On Mar 8, 2010, at 12:08 AM, Noel Chiappa wrote:

>> From: Tony Li <tony...@tony.li>
> 
>> IPv4 is done. Over. Cooked. Fully toast. It will either enter a black
>> market where we deaggregate and no proposal will help, or we shift to
>> v6 and v4 is irrelevant. In either case, we're not in time to do
>> anything significant for v4. 
> 
> Probably needless to say, I do not agree with this. There are _definitely_
> more options than DeathI and DeathII.
> 
>     Noel

There is also DeathIII, i.e., we shift to v6 (or something else), but through 
some series of steps that preserves IPv4 in place as a critical, 
non-substitutable input for provisioning routing services. If that happens, 
black market-driven deaggregation would not be inevitable.

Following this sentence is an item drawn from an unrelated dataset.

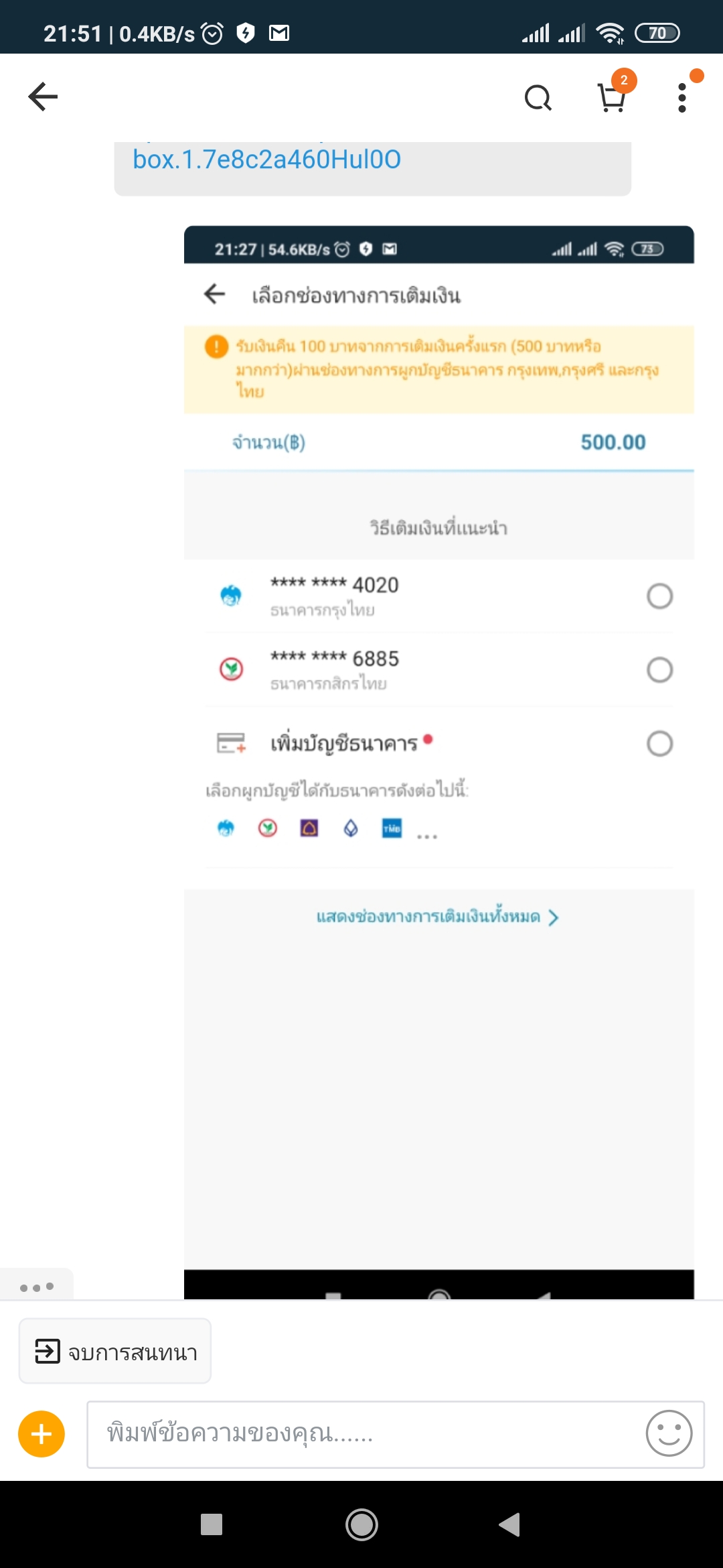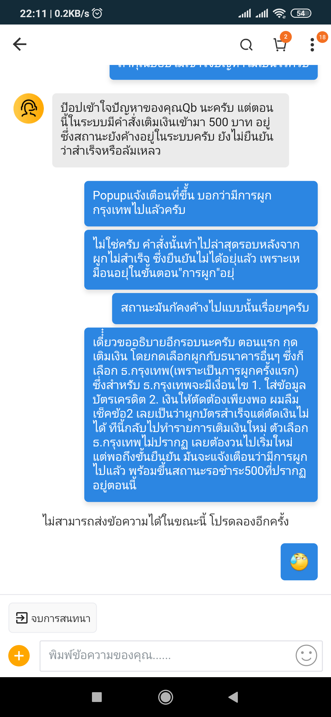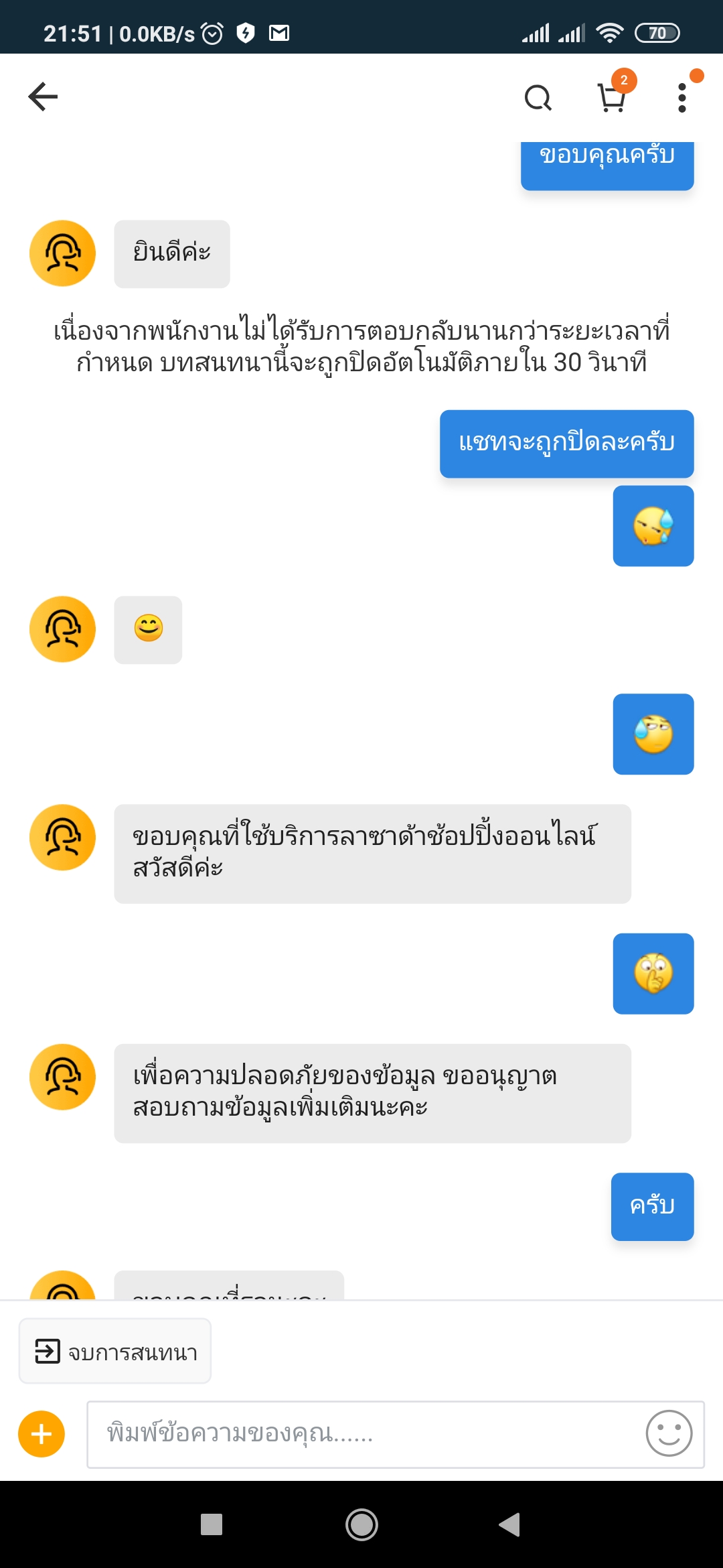 เนื่องจากค่ำแล้ว นอกเวลาทำการจึงติดต่อได้เฉพาะแชทในแอพ

However, any other 
outcome would likely arise from and/or push IPv4 and incumbent IPv4-based 
operators into assuming the same sort of (economic) roles that have been 
traditionally associated with physical "last mile" facilities and their 
owner-operators... which would ultimately drive every other aspiring new 
routing service provider thereafter into the same sort of (basically, 
adversarial) position with the same sort of bypass-centric goals that were/are 
commonly attributed to non-incumbent Internet service providers, esp. back in 
the 1980-1990s. 

What other potential options do you envision which might provide some 
reasonable probability of avoiding this Catch-22?